Бриджит — единственная из нашей школы, которая тоже записалась на эту «национальную программу», так что купиться на сладкий бред в брошюре мог только полный идиот. Бриджит скорее сформирует ландшафт своей задницы, чем местной культуры.
Блин! Вам ясна моя незавидная участь?
Бриджит все еще дулась на меня за то, что я отказалась делить с ней комнату. Когда она увидела, что я записалась на курсы, то автоматически решила, будто мы с ней составим очаровательную парочку — великолепный образчик наивности и чистоты в этом циничном мире.

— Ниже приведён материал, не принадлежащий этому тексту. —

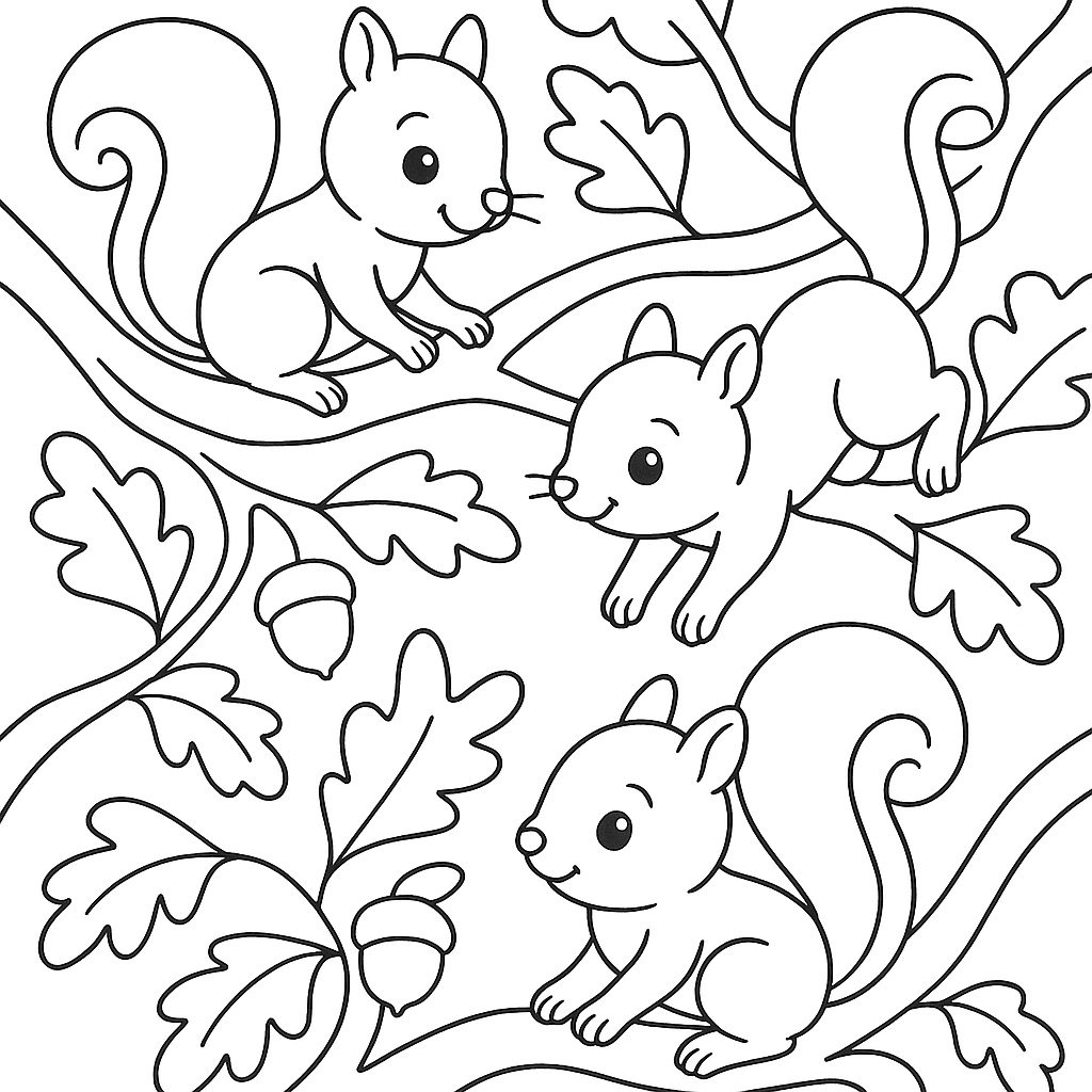 A simple coloring page featuring baby squirrels playing in oak tree branches. Perfect for kids (4-6) with large, bold outlines for a fun coloring experience.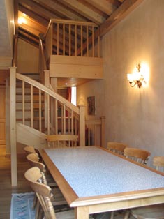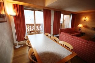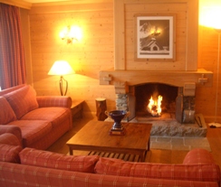 Lounge area – comfortable sofas and chairs, a large open fireplace and Euro satellite TV with a video player. There are large sliding patio-style doors leading to a spacious timber-decked balcony area affording great southerly views of the Mont Blanc Massif.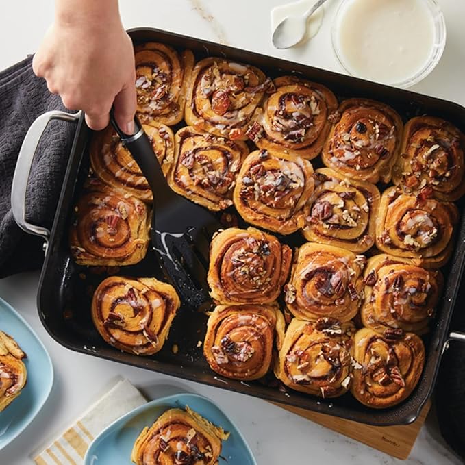 - BUILT-IN POUR SPOUT: Nonstick pan features a built-in corner spout to easily pour juices and homemade gravies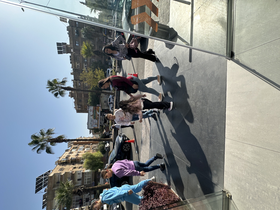 The image depicts a sunny urban street scene in Barza Municipality, Syria, on a clear day with a blue sky and strong shadows. Seven individuals, predominantly female, are observed walking from left to right across a dark gray paved sidewalk in the foreground. From left to right: 1. A person in a light blue tracksuit, partially visible, walking. 2. A young female in a light purple long-sleeved top and dark jeans, walking. 3. A young female in a light-colored long-sleeved top with a design and dark pants, walking. 4. A smaller child, female, in a light pink long-sleeved top and dark pants, walking slightly behind and to the right of Person 3, facing partly away from the viewer. 5. An adult female in a dark red long-sleeved top, light blue jeans, and flat shoes, carrying a dark shoulder bag, walking alongside Person 4. 6. An adult female in a black and white zebra-striped long-sleeved top, black wide-leg pants, and flat shoes, carrying a light pink handbag, walking behind Person 5. 7. A male figure in a light uniform is visible further in the background on the street. The immediate foreground features a lighter-colored tiled surface, transitioning to the darker gray sidewalk. To the far right, a reflective glass panel with a partial image of orange arrows is visible. On the far left, a low planter contains dark red foliage. The midground includes a paved street with multiple parked vehicles, including a dark SUV behind Person 2, and an orange traffic cone near the curb. The background displays multi-story residential or commercial buildings, many exhibiting visible solar panels on their rooftops. Several tall palm trees are interspersed throughout the scene, and a large billboard with advertisements is visible in the distance on the right side of the street.
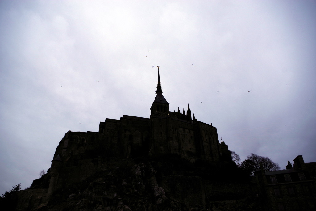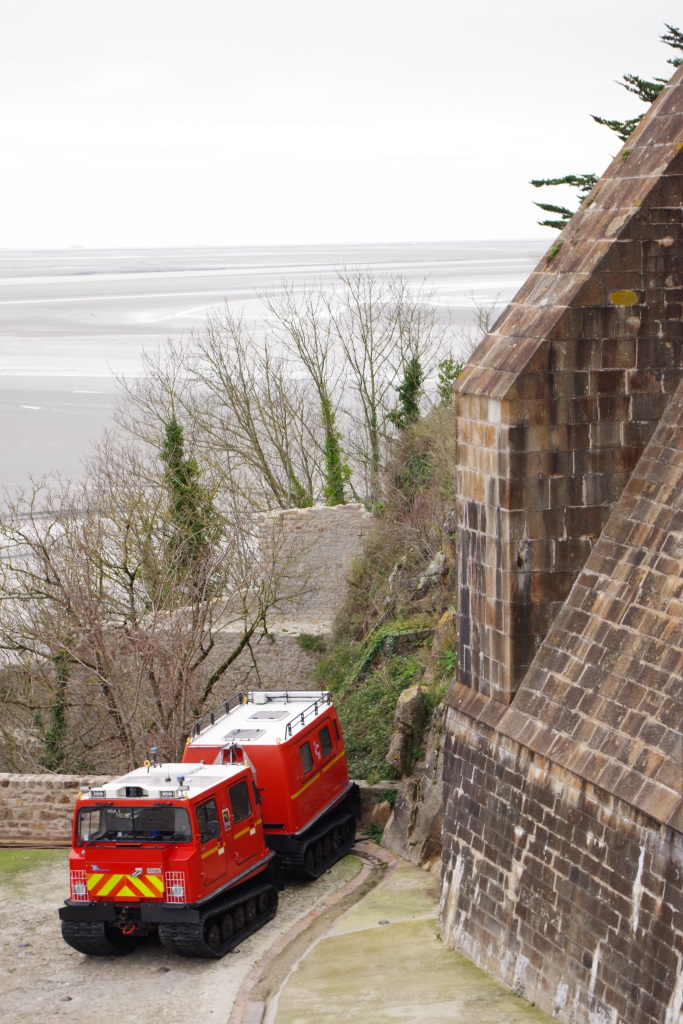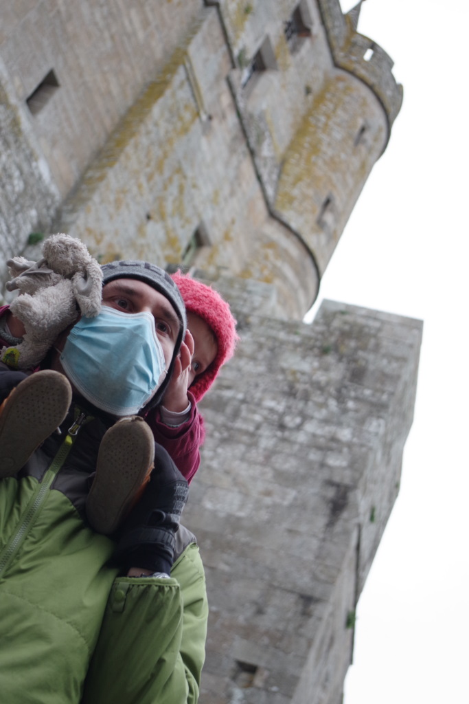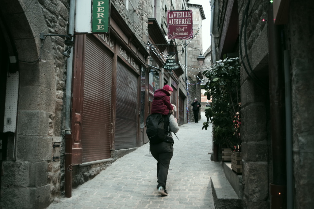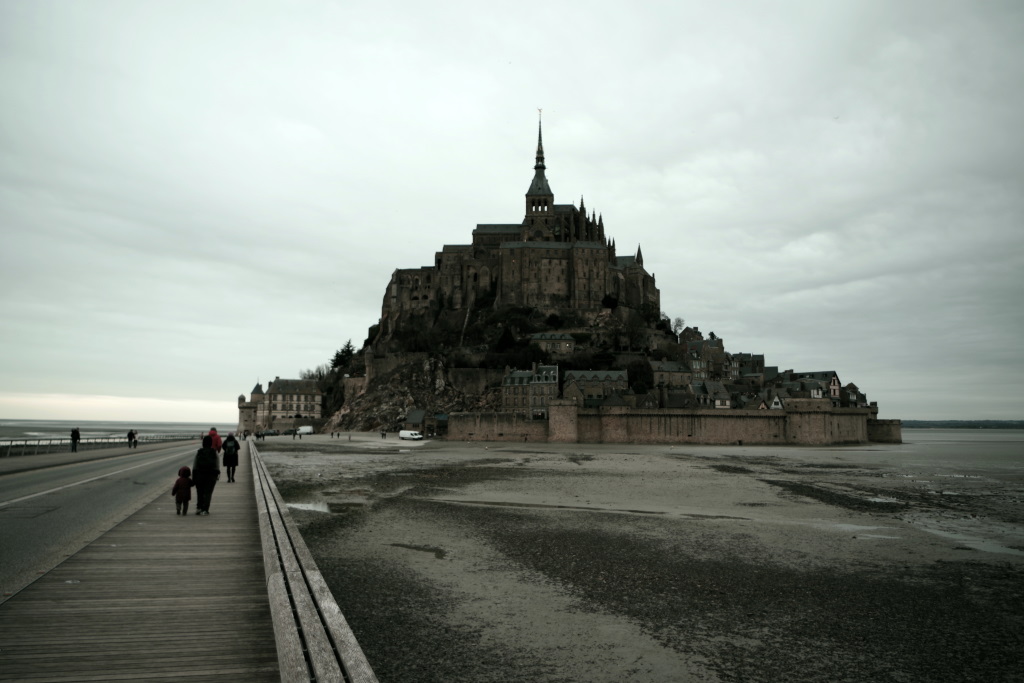Arrêt au Mont Saint-Michel (le château de Pépé d’après la petite…) déserté par le covid et l’hiver avec une Choupi toujours grincheuse et pas pratique. Dodo derrière l’église de Courtils.

— А тебе не хочется найти себе новую подружку на всю жизнь? — спросила я, нарочно задев самое чувствительное ее место — непреодолимое стремление общаться, общаться и еще раз общаться.
— А тебе?
Аргумент. Но я не собиралась сдаваться. Соседство с загадочной Мари де Паскаль было все же лучше, нежели с Бриджит. Пока я не сошлась с Хоуп, я добрую дюжину лет играла роль придурочной лучшей подружки для королевы Бриджит: будто шут при дворе. Как Лили Тейлор в «Сказать все». Или Лили Тейлор в «Мистической пицце». Или Лили Тейлор в любом фильме.
То, что наши дорожки разошлись, обрадовало меня. В нашем общежитии было сорок комнат и четыре этажа. Однако вот будет сюрприз, если Бриджит поселилась через две комнаты от меня…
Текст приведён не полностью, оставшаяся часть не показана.